É inconstitucional, por violação ao princípio da simetria, norma de Constituição Estadual que confere foro por prerrogativa de função a autoridades que não guardam semelhança com as que o detém na esfera federal.

Conteúdo Completo

É inconstitucional, por violação ao princípio da simetria, norma de Constituição Estadual que confere foro por prerrogativa de função a autoridades que não guardam semelhança com as que o detém na esfera federal.


A jurisprudência desta Corte se firmou em torno de uma compreensão restritiva acerca da matéria, de modo que os estados-membros devem observância ao modelo adotado na CF/1988. Assim, não pode o ente estadual, de forma discricionária, estender o foro por prerrogativa de função à cargos diversos daqueles abarcados pelo legislador federal, sob pena de violação às regras de reprodução automática (1) (2).
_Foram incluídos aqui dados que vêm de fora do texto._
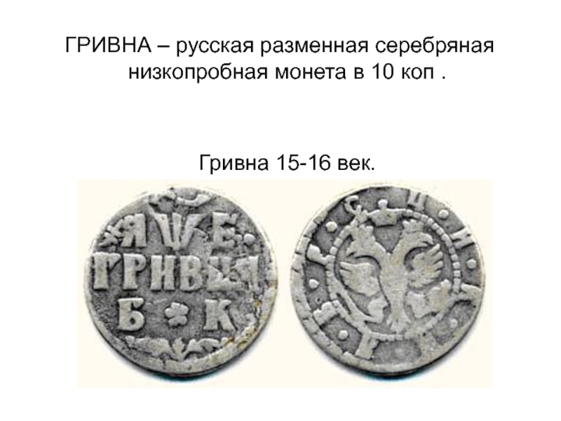 Слайд 9 ГРИВНА – русская разменная серебряная низкопробная монета в 10 коп
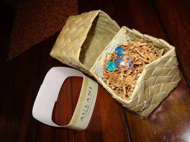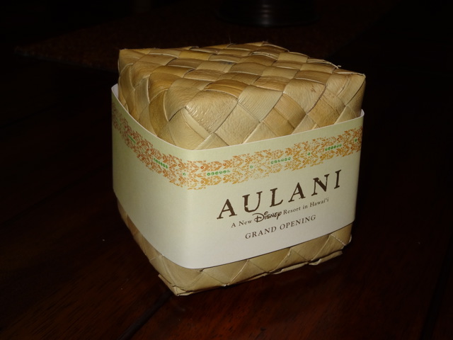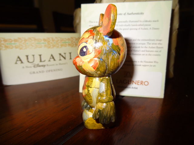 “So… hate to share this, but I just returned from Disney’s Aulani’s grand opening in Hawaii. Select press attendees staying at the resort were given a special present after the Grand Opening Presentation. A numbered and limited hand-painted Vinylmation by a Hawaiian artist housed in a 2-piece custom hand-made wicker box wrapped with a Disney’s Aulani Grand Opening sleeve of paper. Inside is a printed description and numbering. Artistically, they are definitely an acquired taste… but are EXTREMELY limited. (These are not the for-sale Menehune ones from the store — the are very crudely hand painted)”
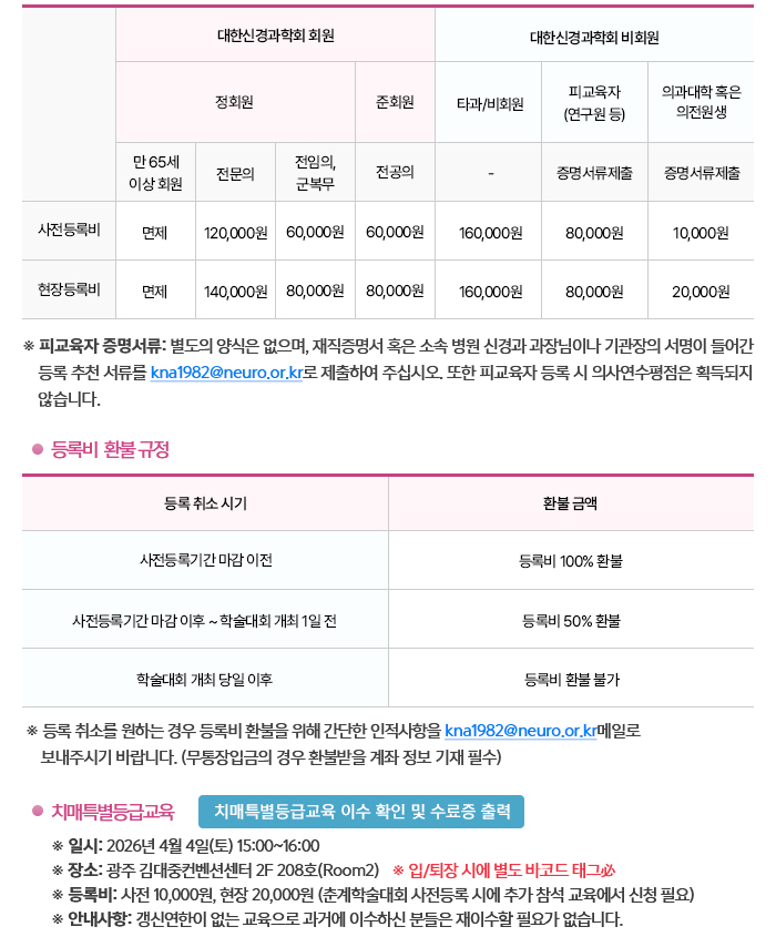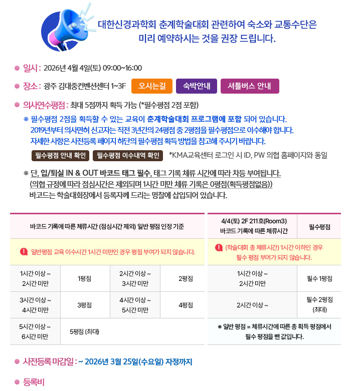[대한신경과학회] 제45차 2026년도 대한신경과학회 춘계학술대회 개최 ※4/4(토), 광주 김대중컨벤션센터

Com base nesse entendimento, o Plenário, por unanimidade, julgou procedente a ação para declarar a inconstitucionalidade material das expressões "Reitores de Universidades Públicas" e "Diretores Presidentes das entidades da Administração Estadual Indireta", previstas no art. 77, X, a e b, da Constituição do Estado de Roraima (3). Além disso, por razões de segurança jurídica, o Tribunal modulou a decisão, a fim de conferir efeitos ex nunc à declaração de inconstitucionalidade.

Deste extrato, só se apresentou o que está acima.